Krissel Creager-Lumpkins' recovery inspired by daughter

By Brian Hightower | May 06, 2012, 1 a.m. (ET)

A beautiful image at the U.S. Air Force Academy track in Colorado Springs, Colo., on Friday. Krissel Creager-Lumpkins with a radiant smile, green eyes shining in the Rocky Mountain sun, a 100m bronze medal hanging from her neck, and her bubbly 5-year-old daughter, Micahstia, fixed to her hip.

Life hasn’t looked this idyllic for Krissel in a very long time.  In fact, she’s lived through a nightmare.  At first glance, you’d never know.  And when she talks, so confident and serene, its hard to imagine what she’s been through since that fateful summer day in Utah two years ago. 

It was a combat training exercise.  Just another step toward readiness for a deployment to Africa.  Routine mountain navigation, lots of hiking, teams spread out all over the hillside, and then something went wrong.

As she tells me her story, she is stretching intermittently, staying limber for the 100m race ahead.  Appropriately, she is not only competing in her first Warrior Games presented by Deloitte, but she is taking part in the Ultimate Champion competition, a Paralympic style pentathlon that will crown the most well-rounded athlete of all the service branches. 

When she recalls what happened on that mountain in Utah, it sounds like a version of hell.  In the midst of the training exercise, the hillside below caught fire.  “I didn’t want to burn to death," she tells me.  Forced to run uphill to avoid the flames, she encountered a deluge of water coming at her, meant to control the burn.

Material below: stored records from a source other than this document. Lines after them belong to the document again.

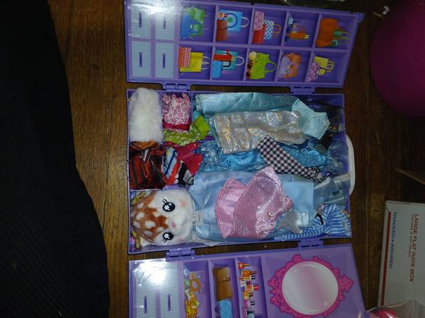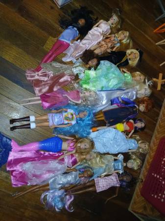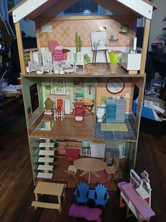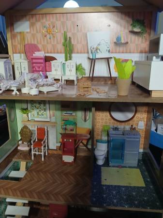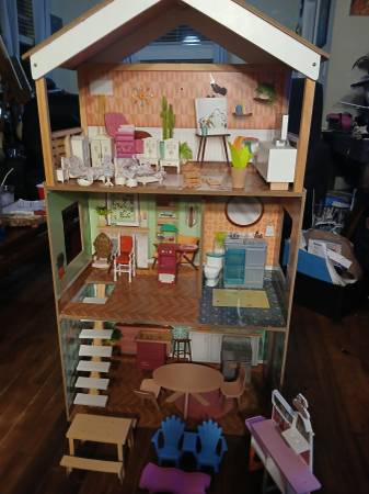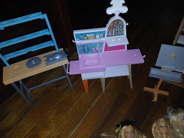 Beautiful Doll House scaled for Barbie dolls, furniture, Barbie sets and accessories, several Barbie dolls, horse for Barbie. Closet with clothes. Barbie Tractor and more. Tried to picture it all. Please text and only serious local buyers need contact me. *NO SCAMMERS*
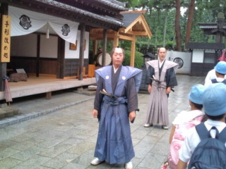 開門の儀式で迎えられ、日光江戸村の中に入りました。雨はやみました。さあ、楽しみましょう。
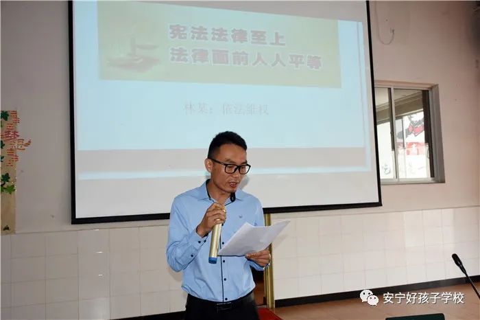 活動(dòng)開始,我校執(zhí)行校長(zhǎng)尹斌做了開場(chǎng)致辭,熱烈歡迎領(lǐng)導(dǎo)們的到來(lái)并由衷感謝各位領(lǐng)導(dǎo)對(duì)學(xué)校的關(guān)心支持,也對(duì)同學(xué)們提出了要學(xué)法、知法、用法、守法的殷切希望。
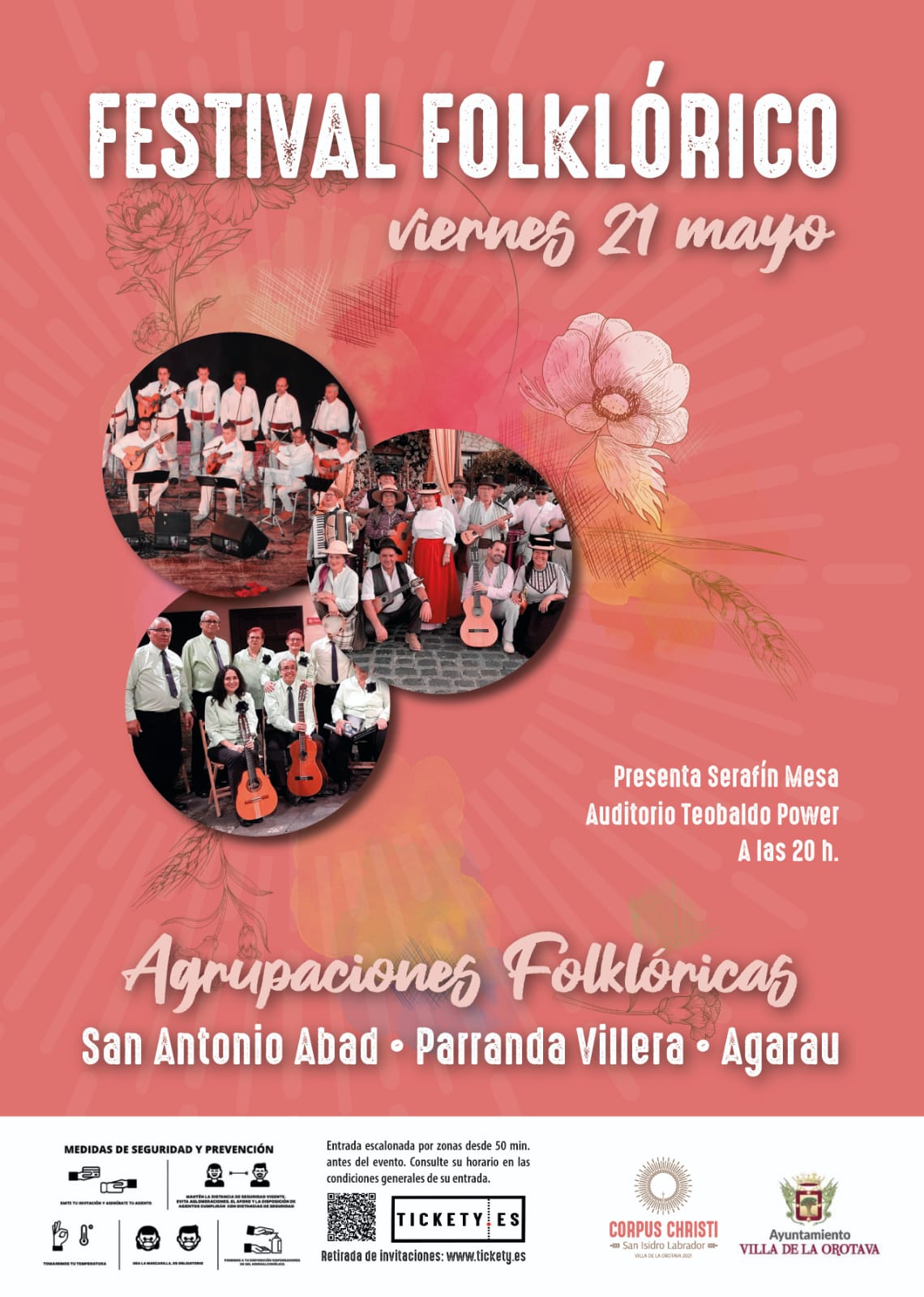 Dentro del programa de las Fiestas Patronales de La Orotava 2021, se incluye la celebración de varios espectáculos a cargo de los grupos locales. Además de los tradicionales festivales organizados por los colectivos Oroval, Magec y Tambara, se contará con dos festivales folclóricos más en los que participarán el resto de grupos villeros.
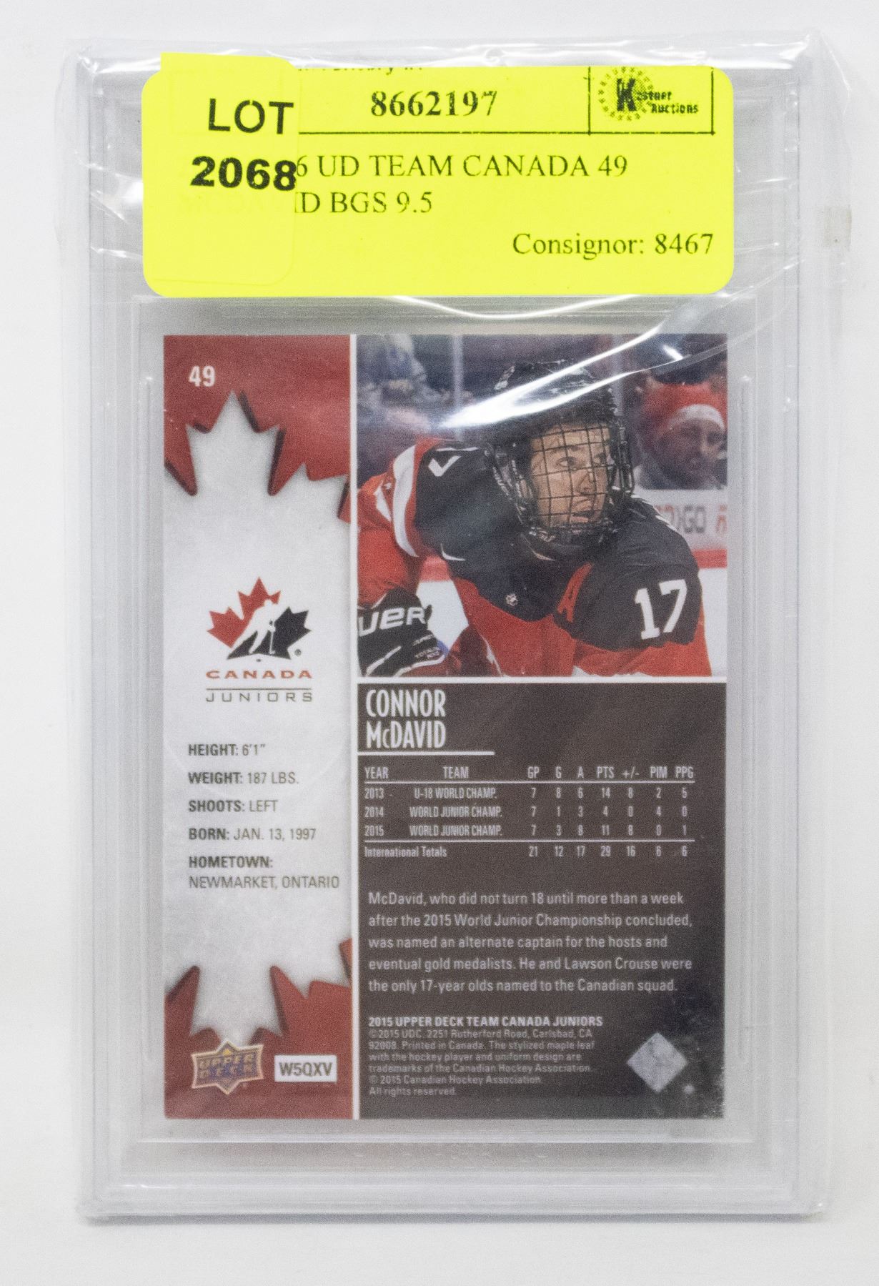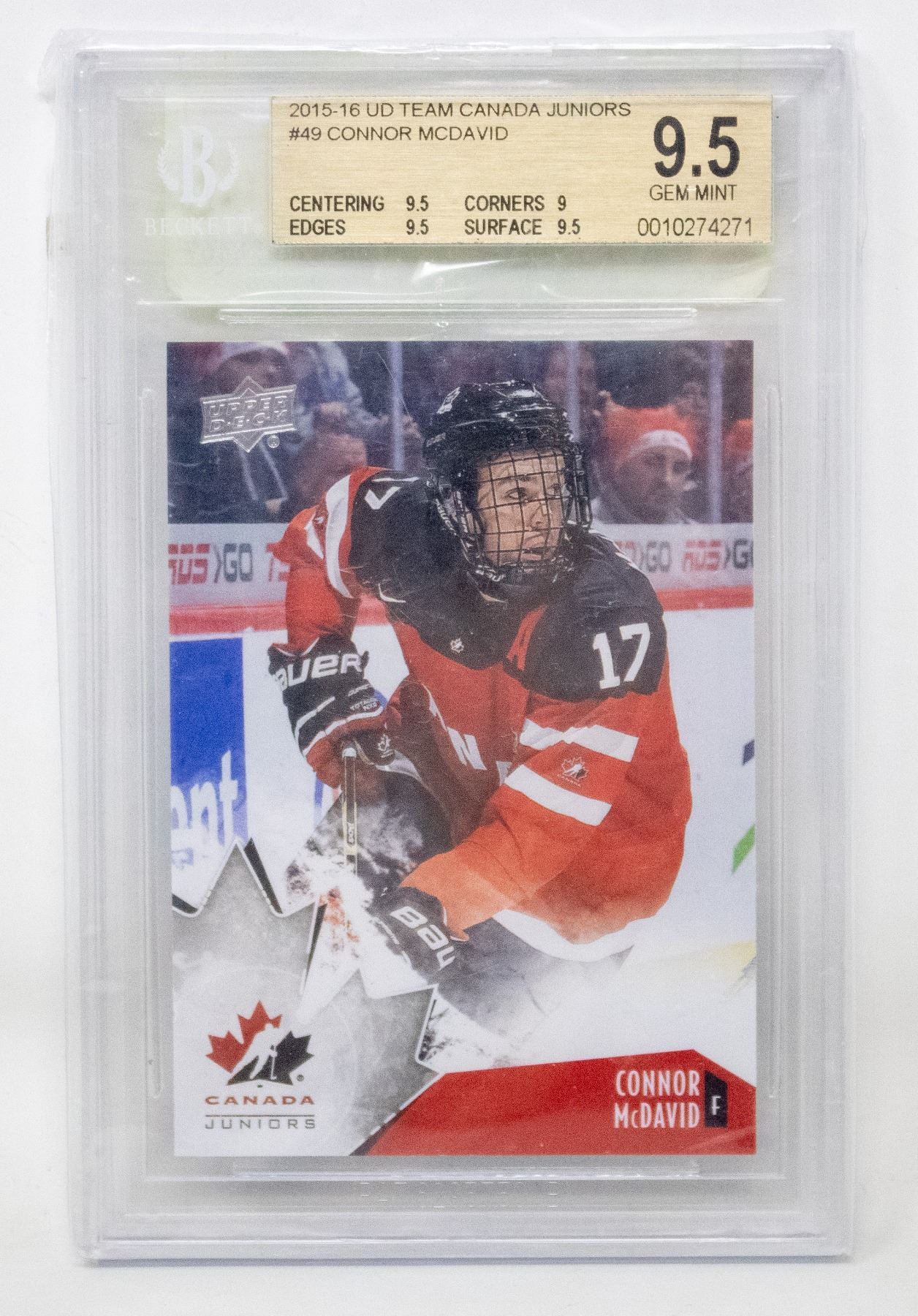 UNSUNG HERO FOR ROOKIE YEAR CARDS, THIS CANADA JUNIORS CARD HIGHLIGHTS CONNOR MCDAVID, THE GOLD MEDALIST, AS BEING ONE OF ONLY TWO 17 YEAR OLDS ON THIS TEAM. BGS ONLY HAS 7 9.5 GRADED CARDS, WITH NO TENS EVER GIVEN OUT.

She was now being swept downhill by a torrent. This string of bizarre events was then complicated by a malfunction in her Kevlar helmet, which fell off as she careened downhill. Striking her head as she fell, she finally came to rest, motionless.  

There is something indomitable about this woman’s spirit.  It is hard to describe.  It is pervasive at these Games, and is manifest not only in the athletic feats on display, but in the unquantifiable “it” that the competitors have found within themselves.  She has “it”.

And she has needed it. 

Since the accident, Krissel has endured paralysis, a brain aneurism and 10 surgeries. The aneurism is still there.  “They couldn’t get it.  They say it’s shaped like a Smurf’s nose, but it’s impossible to reach.” She points to where it resides, just above her right eye.

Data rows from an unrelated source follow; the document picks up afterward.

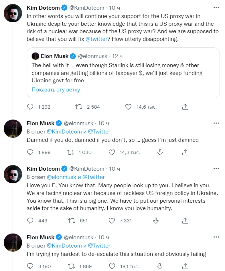 "Другими словами, вы продолжите поддерживать опосредованную войну США в Украине, несмотря на то, что знаете, что это опосредованная война США и риск ядерной войны из-за опосредованной войны США? И мы должны верить, что вы исправите Твиттер? Какое разочарование", - написал Дотком.
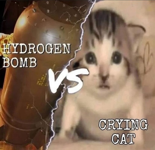 minus-squaremaria [she/her]@lemmy.blahaj.zonelinkfedilinkarrow-up1·10 months agoBomb goes poof before bomb, so clearly crying cat.
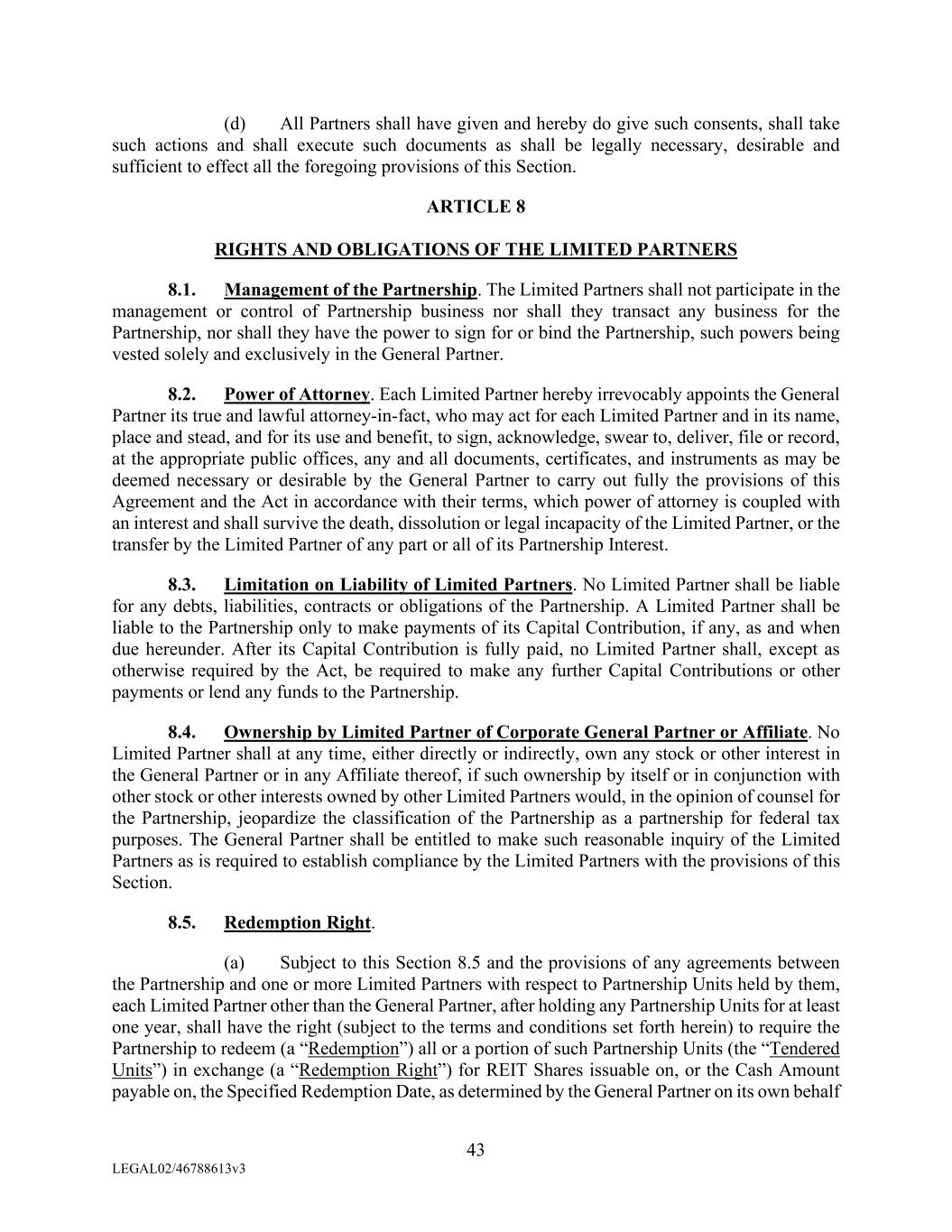43 LEGAL02/46788613v3 (d) All Partners shall have given and hereby do give such consents, shall take such actions and shall execute such documents as shall be legally necessary, desirable and sufficient to effect all the foregoing provisions of this Section. ARTICLE 8 RIGHTS AND OBLIGATIONS OF THE LIMITED PARTNERS 8.1. Management of the Partnership. The Limited Partners shall not participate in the management or control of Partnership business nor shall they transact any business for the Partnership, nor shall they have the power to sign for or bind the Partnership, such powers being vested solely and exclusively in the General Partner. 8.2. Power of Attorney. Each Limited Partner hereby irrevocably appoints the General Partner its true and lawful attorney-in-fact, who may act for each Limited Partner and in its name, place and stead, and for its use and benefit, to sign, acknowledge, swear to, deliver, file or record, at the appropriate public offices, any and all documents, certificates, and instruments as may be deemed necessary or desirable by the General Partner to carry out fully the provisions of this Agreement and the Act in accordance with their terms, which power of attorney is coupled with an interest and shall survive the death, dissolution or legal incapacity of the Limited Partner, or the transfer by the Limited Partner of any part or all of its Partnership Interest. 8.3. Limitation on Liability of Limited Partners. No Limited Partner shall be liable for any debts, liabilities, contracts or obligations of the Partnership. A Limited Partner shall be liable to the Partnership only to make payments of its Capital Contribution, if any, as and when due hereunder. After its Capital Contribution is fully paid, no Limited Partner shall, except as otherwise required by the Act, be required to make any further Capital Contributions or other payments or lend any funds to the Partnership. 8.4. Ownership by Limited Partner of Corporate General Partner or Affiliate. No Limited Partner shall at any time, either directly or indirectly, own any stock or other interest in the General Partner or in any Affiliate thereof, if such ownership by itself or in conjunction with other stock or other interests owned by other Limited Partners would, in the opinion of counsel for the Partnership, jeopardize the classification of the Partnership as a partnership for federal tax purposes. The General Partner shall be entitled to make such reasonable inquiry of the Limited Partners as is required to establish compliance by the Limited Partners with the provisions of this Section. 8.5. Redemption Right. (a) Subject to this Section 8.5 and the provisions of any agreements between the Partnership and one or more Limited Partners with respect to Partnership Units held by them, each Limited Partner other than the General Partner, after holding any Partnership Units for at least one year, shall have the right (subject to the terms and conditions set forth herein) to require the Partnership to redeem (a “Redemption”) all or a portion of such Partnership Units (the “Tendered Units”) in exchange (a “Redemption Right”) for REIT Shares issuable on, or the Cash Amount payable on, the Specified Redemption Date, as determined by the General Partner on its own behalf

Perhaps worse than all of the episodes in the hospital, are the chronic symptoms of traumatic brain injury.  They are lasting and inoperable as well.  Common for people with a TBI are speech problems, depression, migraines, and anger. 

“I was going to 22 doctors appointments a week.” 

She felt defeated.  

Then one day, she knew she needed to change something. The inspiration came from curly-haired little Micahstia, just four years old at the time.  

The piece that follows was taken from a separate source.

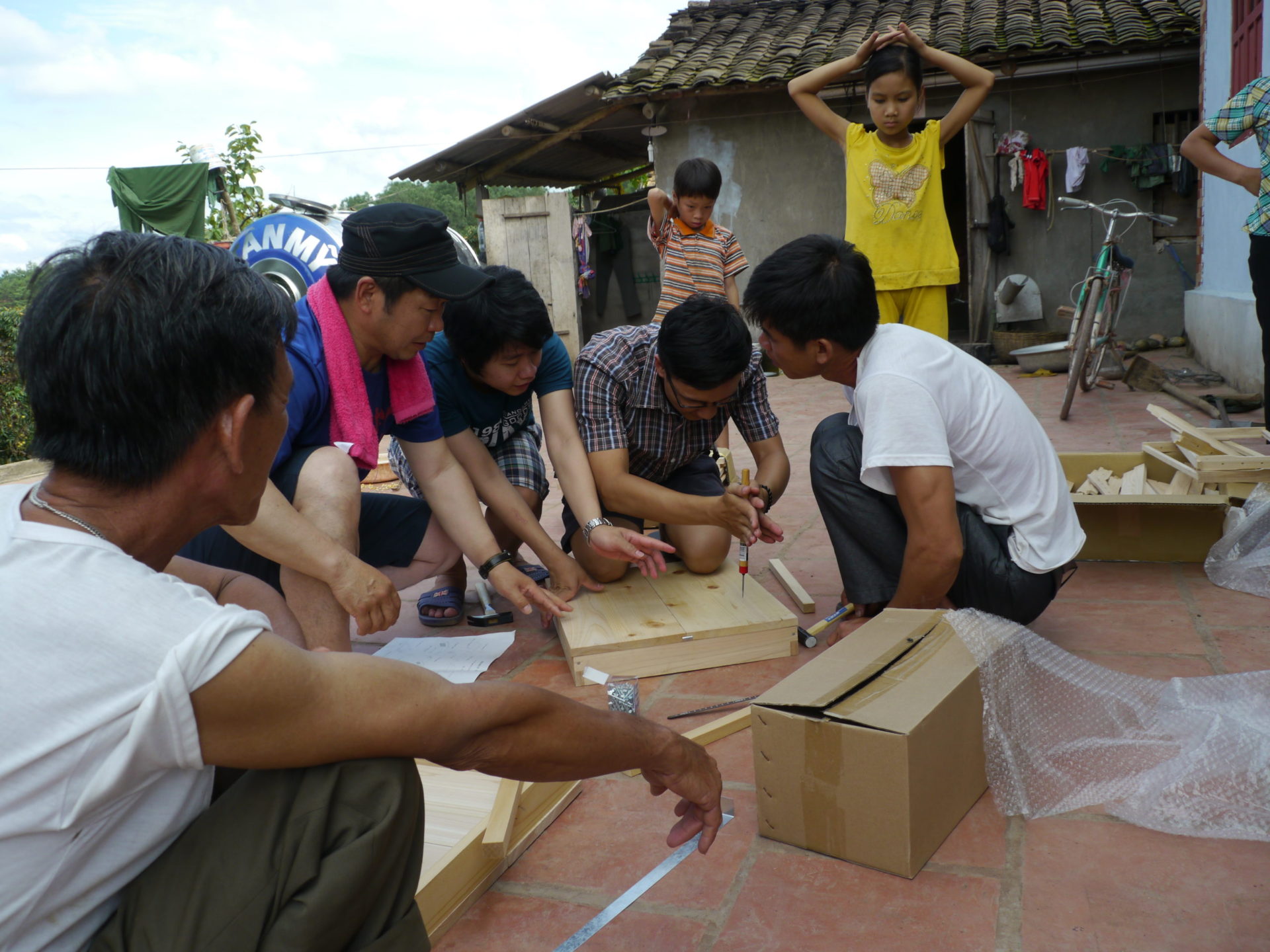 協力してください家族に巣箱の作り方を伝え、養蜂場から蜂も購入しました。

 “I’d just been laying in bed again, angry.  And she came up to me with a towel and her toy doctor’s kit," Krissel recalled.  “She laid the towel over my forehead, opened her kit and said, ‘I’m going to fix Mommy’s head now.’  I knew right then, I had to do something, for her sake.”

Part of that something was sports. Getting involved in athletics often has healing powers.  Krissel saw a friend compete in the Warrior Games last year, and set her goal to be here this year.  She’s been training for months to make it. Mission accomplished.

At the conclusion of the 2012 Games, Krissel Creager-Lumpkins had the third highest point total in the Ultimate Champion competition. Ultimate or not, this girl is a champion.